温柔的魔力束缚缓缓褪去,淡淡的暖意顺着四肢百骸漫开,没有禁锢的冰冷,更没有分毫伤害。
沈烬下意识抬手试着调动魔力,体内沉寂的魔法纹路微微回应,虽依旧滞涩虚弱,却已然可以运转。
这意味着,方才对方随手的压制,完全留了余地。
若是传闻中嗜杀暴戾的魔女,碾压之下,她们三人的行动能力早已被彻底废去,根本不可能安然无恙。

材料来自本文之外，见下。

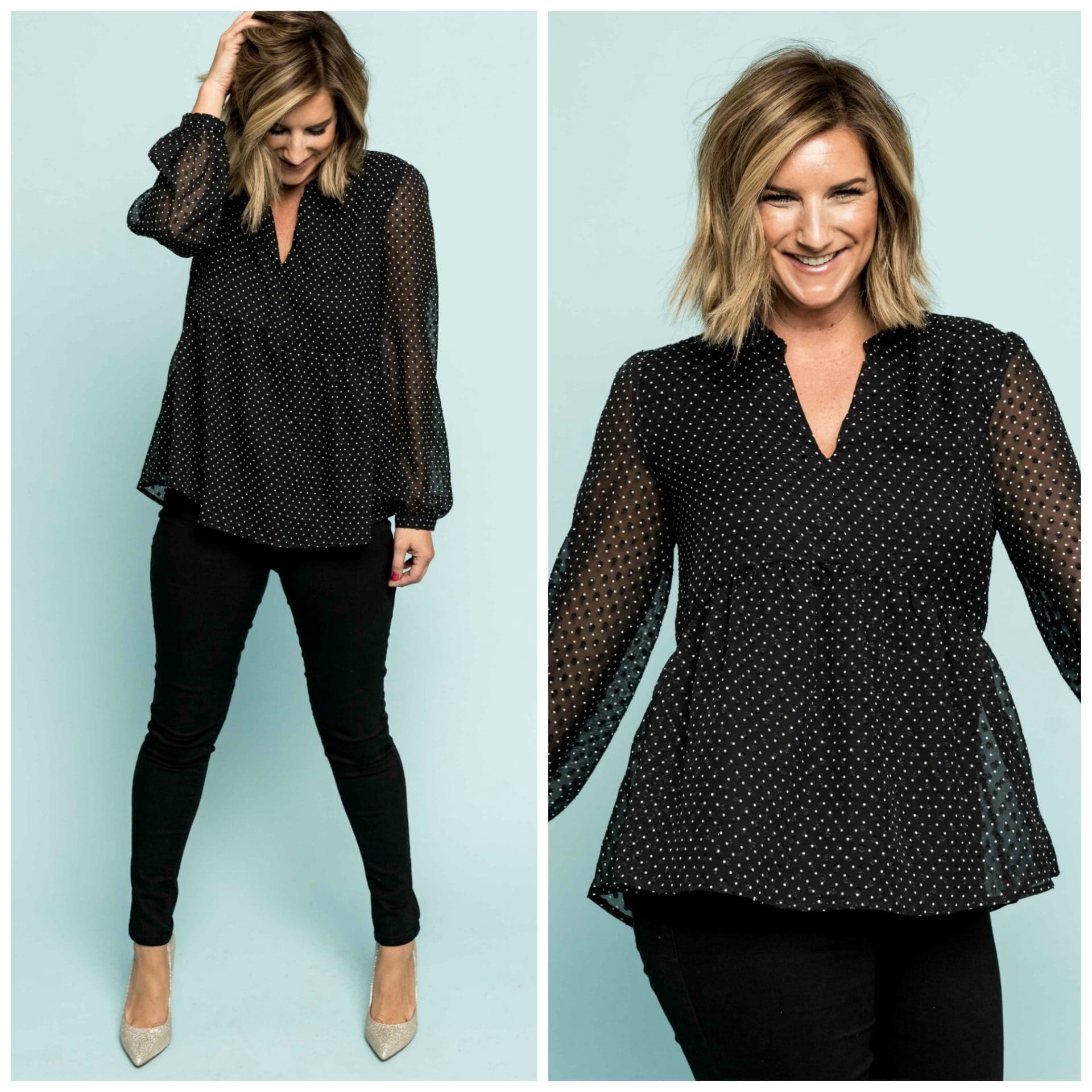 Whether you’re looking for something to wear around the Thanksgiving table, for Christmas Eve, your work holiday event, girlfriends Favorite Things Party and the list goes on, there is an outfit for you here! This collection has 19 pieces from tops to sweaters, pants, dresses and jumpsuits and the best part — it’s inclusive sizing meaning it is offered in petite, standard and extended sizes! Because we have a lot to get into, I’m going to get right into the pieces that makes up this Gibson x Glam collection! Let the festivities begin….

沈烬缓缓抬眸,眼底的拼死决绝碎得彻底,只剩下混杂着震撼、茫然与迟疑的复杂神色。她撑着地面,慢慢直起身坐好,紧绷的肩线一点点松弛下来,再也提不起半分对峙的戾气。
一旁的苏铃芜揉了揉自己的手肘,眨巴着湿漉漉的眼眸,怯生生抬头偷看我。
预想中的阴风怒号、魔气翻涌、魔女降罪的画面一概没有。
眼前的少女依旧静静立在原地,身形娇小,眉眼清浅,神色淡然又无奈,干净得不像盘踞禁忌高塔的邪祟。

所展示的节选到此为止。